Scientists can monitor what goes through by being able to control the diameter of nanotubes and the chemical groups exposed in the interior of the nanotubes. Nanotubes prove to be immensely useful as they can be effectively used for delivering cancer-fighting drugs, desalinating seawater and many other applications.

The Science of Small Revealed Using a Penny

The video below illustrates how small nanoscience can get by presenting an example of using an American penny from the Molecular Foundry.

SF Cleantech Pitchfest: Nano Sponges for Carbon Capture

Video Credit: Berkeley Lab/

This video shows how the letters that spell Molecular Foundry were written with a beam of electrons fired at the surface. The smallest feature is 20 nanometers, or approximately around 100 atoms. The display of the Molecular Foundry disappears as the Molecular Foundry, and the Berkeley Lab logo is seen.
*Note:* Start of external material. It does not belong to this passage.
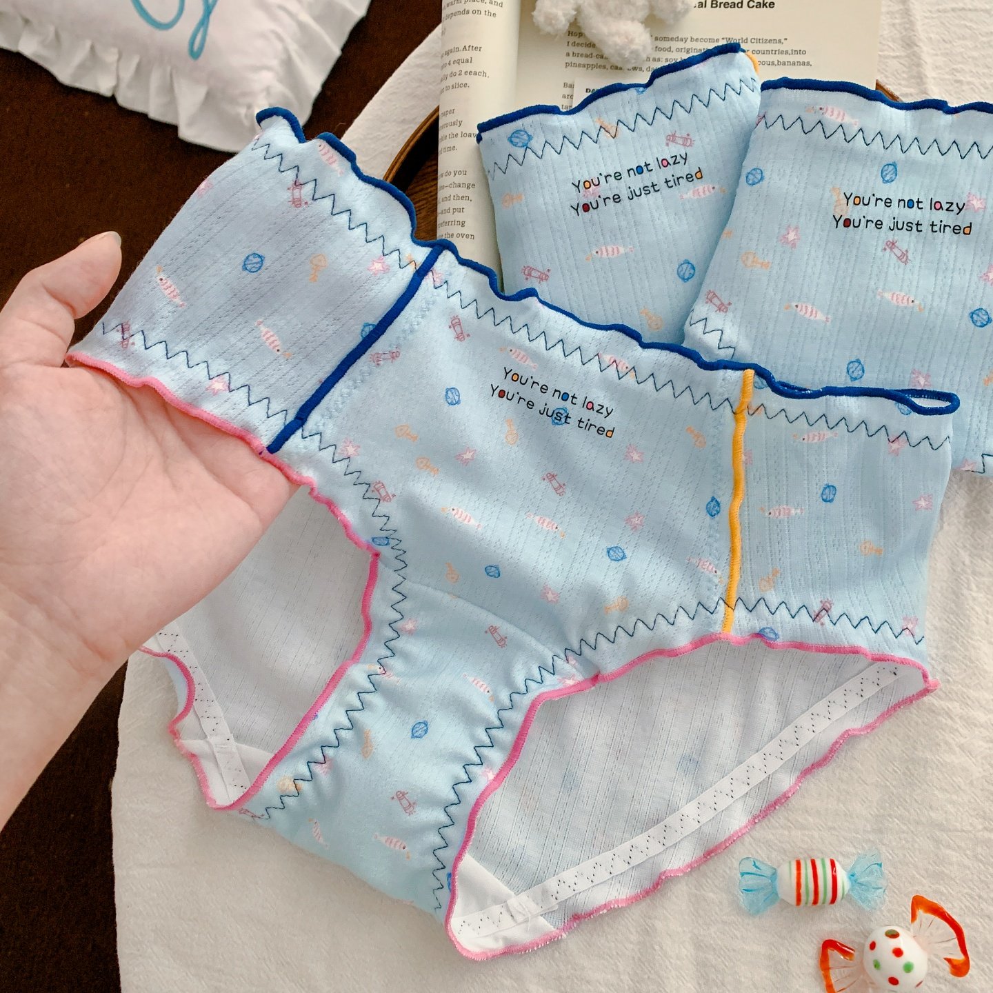 📚 游游小渔~可爱撞色卡通印花女士三角裤7A抑菌透气内裤女2026新款

A beam of charged gallium atoms was used to write the logo. An 18 hour time lapse of Abraham Lincoln’s face written with gallium atoms is seen again as the zooming out continues. All of this is finally executed within the Lincoln Memorial side of the penny as it is made to move from the focused ion beam.

Photolithography, also referred to as writing with light, is the basis for most top-down fabrication of things such as microprocessors. Photolithography is not used for devices that have features no smaller than the wavelength of the light that is used, often in the 100s of nanometers. Things smaller than light, such as electrons and atoms must be used.